I have a question! Is it true that the central binomial coefficient $\displaystyle \binom{2n}{n}$ is divisible by a $\displaystyle p$ prime number if $\displaystyle \left\{ \frac{n}{p}\right\} \geq\frac{1}{2}$, where $\displaystyle \left\{ \frac{n}{p}\right\}$ means fractional part?

Thanks!
• Jul 10th 2010, 02:03 PM
chiph588@
Quote:

Originally Posted by Ben92
Hello!

I have a question! Is it true that the central binomial coefficient $\displaystyle \binom{2n}{n}$ is divisible by a $\displaystyle p$ prime number if $\displaystyle \left\{ \frac{n}{p}\right\} \geq\frac{1}{2}$, where $\displaystyle \left\{ \frac{n}{p}\right\}$ means fractional part?

Thanks!

The number of times $\displaystyle p$ appears in the numerator is $\displaystyle \left\lfloor\frac{2n}{p}\right\rfloor+\left\lfloor \frac{2n}{p^2}\right\rfloor+\left\lfloor\frac{2n}{ p^3}\right\rfloor+\ldots$

The number of times $\displaystyle p$ appears in the denominator is $\displaystyle 2\left(\left\lfloor\frac{n}{p}\right\rfloor+\left\ lfloor\frac{n}{p^2}\right\rfloor+\left\lfloor\frac {n}{p^3}\right\rfloor+\ldots\right)$

See if you can use this to get your answer.
• Jul 10th 2010, 02:11 PM
chiph588@
Quote:

Originally Posted by chiph588@
The number of times $\displaystyle p$ appears in the numerator is $\displaystyle \left\lfloor\frac{2n}{p}\right\rfloor+\left\lfloor \frac{2n}{p^2}\right\rfloor+\left\lfloor\frac{2n}{ p^3}\right\rfloor+\ldots$

The number of times $\displaystyle p$ appears in the denominator is $\displaystyle \left(\left\lfloor\frac{n}{p}\right\rfloor+\left\l floor\frac{n}{p^2}\right\rfloor+\left\lfloor\frac{ n}{p^3}\right\rfloor+\ldots\right)^2$

See if you can use this to get your answer.

.
• Jul 10th 2010, 02:58 PM
Ben92
Thanks! :)
• Jul 10th 2010, 03:03 PM
Also sprach Zarathustra
I think that OP question can also be proved by using: Bertrand's postulate - Wikipedia, the free encyclopedia
• Jul 10th 2010, 04:09 PM
melese
Quote:

Originally Posted by Ben92
Hello!

I have a question! Is it true that the central binomial coefficient $\displaystyle \binom{2n}{n}$ is divisible by a $\displaystyle p$ prime number if $\displaystyle \left\{ \frac{n}{p}\right\} \geq\frac{1}{2}$, where $\displaystyle \left\{ \frac{n}{p}\right\}$ means fractional part?

Thanks!

Here is what I've tried. $\displaystyle n=pb+r$, with $\displaystyle p/2\leq r<p$ (becuase $\displaystyle r/p$ is the fractional part). Then $\displaystyle \left \lfloor \frac{n}{p} \right \rfloor=b$ and $\displaystyle \left \lfloor \frac{2n}{p} \right \rfloor=\left \lfloor 2b+\frac{2r}{p} \right \rfloor=2b+\left \lfloor \frac{2r}{p} \right \rfloor\geq 2b+1$ (since $\displaystyle 2r\geq p$). So, $\displaystyle 2\left \lfloor \frac{n}{p} \right \rfloor<\left \lfloor \frac{2n}{p} \right \rfloor$. (Remember this).

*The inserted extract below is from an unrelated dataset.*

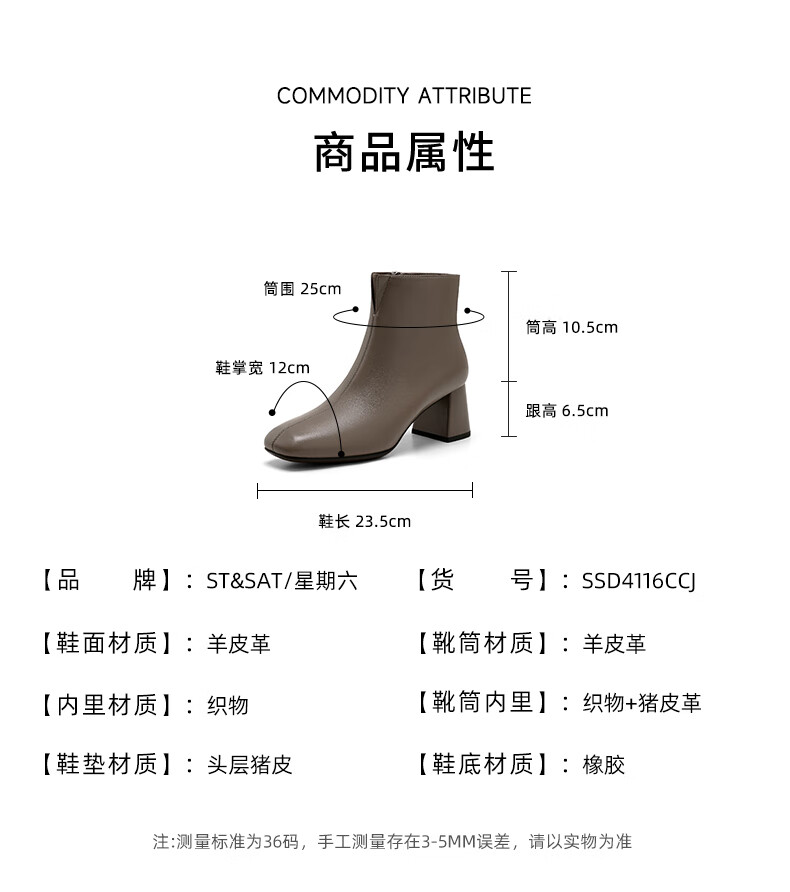 星期六复古风机车靴女2025新款秋冬休闲百搭舒适皮靴短靴百搭马丁靴 棕色 【复古百搭】 35 225

In general, $\displaystyle \left \lfloor a+b \right \rfloor\geq\left \lfloor a \right \rfloor+\left \lfloor b \right \rfloor$, so $\displaystyle \left \lfloor \frac{2n}{p^k} \right \rfloor=\left \lfloor \frac{n}{p^k}+\frac{n}{p^k} \right \rfloor\geq\left \lfloor \frac{n}{p^k} \right \rfloor+\left \lfloor \frac{n}{p^k} \right \rfloor=2\left \lfloor \frac{n}{p^k} \right \rfloor$. Therefore, $\displaystyle \sum_{k=1}^{\infty}\left \lfloor \tfrac{2n}{p^k} \right \rfloor>\sum_{k=1}^{\infty}2\left \lfloor \tfrac{n}{p^k} \right \rfloor$, since when $\displaystyle k=1$ we have a strict inequality.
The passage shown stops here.